Using the iris dataset for this example, cuz many people know it.
I scaled the first 4 variables of the dataset, and named it scaled.iris.
standardized.iris <- scale(iris[,-5])
Why is there a difference whether I now cbind a column by index
cbind(scaled.iris,iris[5])
or by variable name
cbind(scaled.iris,iris$Species)
?
The former gives me a data.frame with a column with the actual labels ("setosa","versicolor",...) plus the correct column name, the latter gives me a matrix with no column name plus character values 1-3.
This is because of the class of the object that is being called. It has nothing to do with cbind()
.
When a column is chosen from a data frame using the column number, the chosen column is extracted as data frame. If a single column is called, the extracted object will be a data frame with one column. If more than one column are called, then the extracted object will be the data frame with columns as many as called.

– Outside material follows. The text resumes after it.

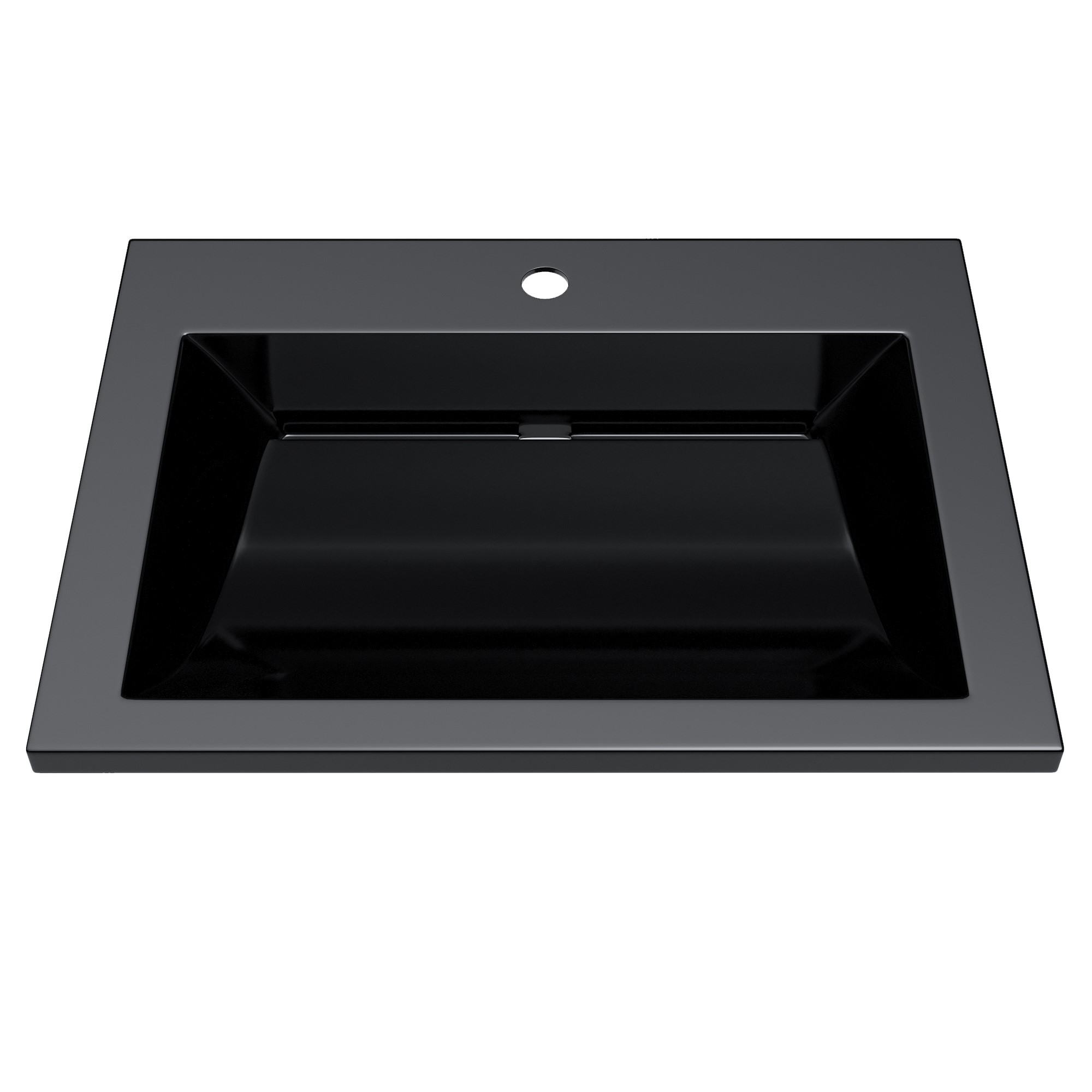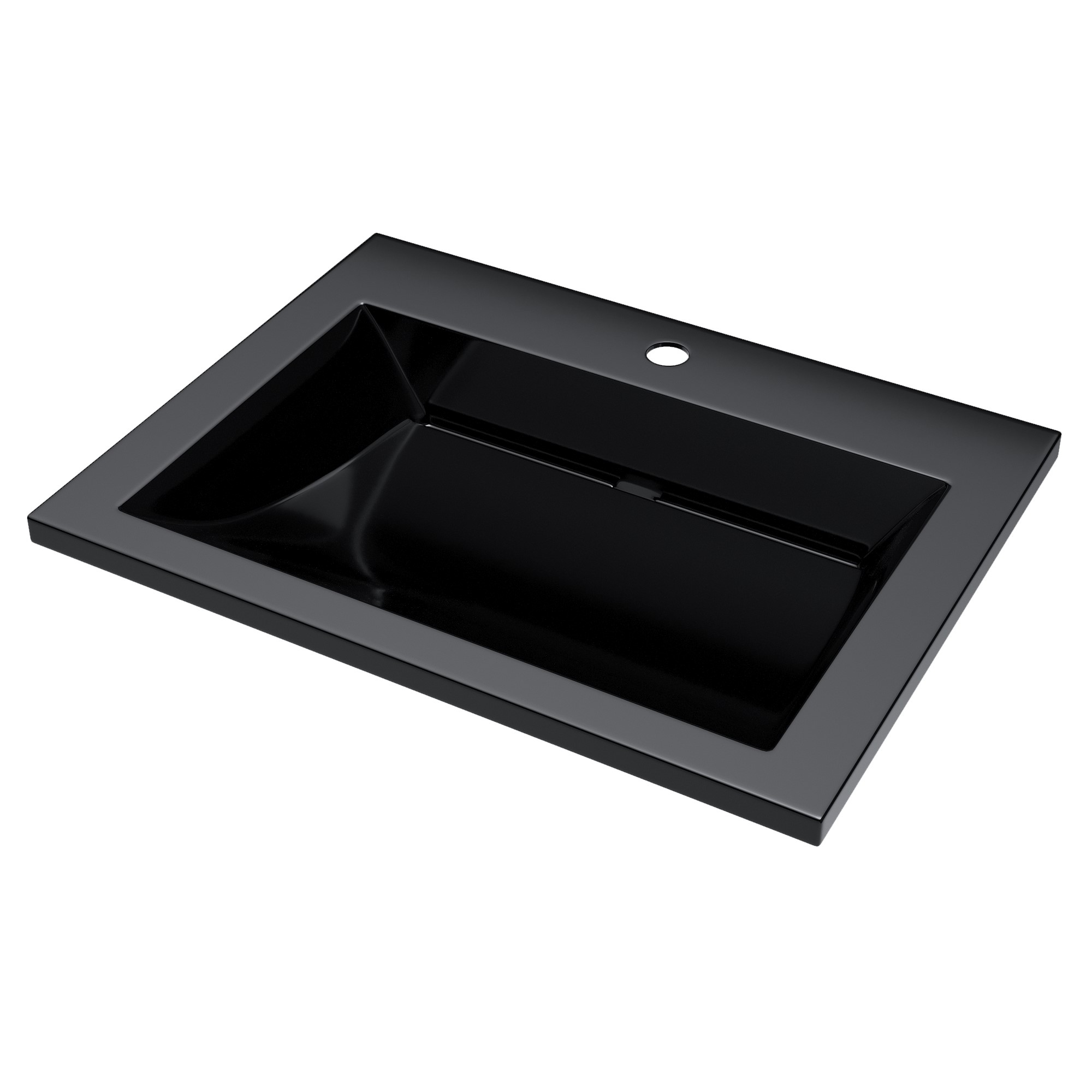 Раковина со щелевым сливом Uperwood Infinity имеет отверстие для установки смесителя, а также бортик для размещения ванных принадлежностей.

When a column is chose using the column name, the chosen column is extracted as vector with no name. If a single column is called, the extracted object will be a a single vector. If more than one column are called, then the extracted object will be a vector of vectors as many as called.
If you run the str()
, you could find the difference.
> str(iris[1])
'data.frame': 150 obs. of 1 variable:
$ Sepal.Length: num 5.1 4.9 4.7 4.6 5 5.4 4.6 5 4.4 4.9 ...
> str(iris$Sepal.Length)
num [1:150] 5.1 4.9 4.7 4.6 5 5.4 4.6 5 4.4 4.9 ...
You could see that the class of the former is data.frame consisting of a numeric vector and that of the latter is numeric.